Adopting an air of resignation, Macmillan said, ‘Unfortunately, I have to agree with you… which leaves us with potentially a very big problem.’

‘What happened to the real Chloe; where is she; who has her and what do they intend doing with her?’

‘That just about covers everything,’ said Macmillan. ‘How is Dr Martin coming along with the vaccine?’

‘She’s optimistic, I understand.’

‘Thank God for that,’ said Macmillan. It sounded heartfelt.

‘Have you heard how the Elwoods are?’ asked Steven.

Macmillan looked thoughtful. He said, ‘Actually no. Lees was supposed to phone me last week about their condition. Strikes me, the way things are going, no news could be bad news.’ He pressed the intercom button and asked Jean Roberts to get him Nigel Lees at the Department of Health. Sitting back in his chair he crossed his legs and said, ‘So where do we go from here?’

Steven sighed and said, ‘Frank Giles of the Norfolk Police is faced with looking for someone named Ali in the Asian community and I’m left looking for a monkey that’s disappeared into thin air.’

The phone rang and Macmillan asked Lees about the Elwoods. Steven watched his face as he listened to the reply. It was not encouraging.
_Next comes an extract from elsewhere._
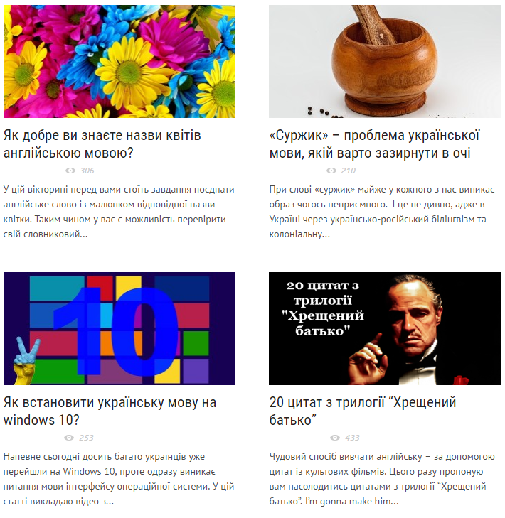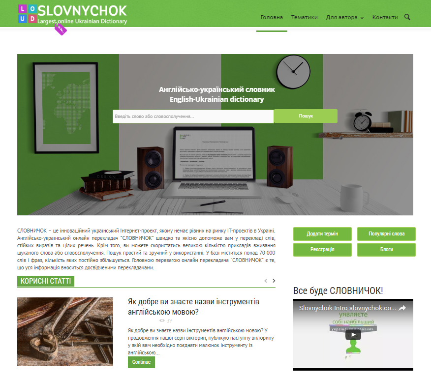 В рубрике «Полезные статьи» посетители сайта «Словничок» найдут разнообразные викторины, которые помогут проверить словарный запас, цитаты из непревзойденных фильмов с переводом на украинский, а также просто интересные статьи.

Macmillan replaced the receiver with deliberate slowness. ‘David Elwood is dead,’ he said. ‘Officially, bronchial complications setting in after treatment for animal bites… can happen in the elderly.’

‘And unofficially?’

‘Cambodia 5.’

‘And his wife?’

‘Not at all well. Could go either way.’

Steven shook his head and said, ‘What a mess. And all to be swept under the official carpet.’

‘Right now, we have other things to worry about,’ said Macmillan. ‘There’s a meeting of the Earlybird committee tomorrow. I’m going to voice your concerns about the virus.’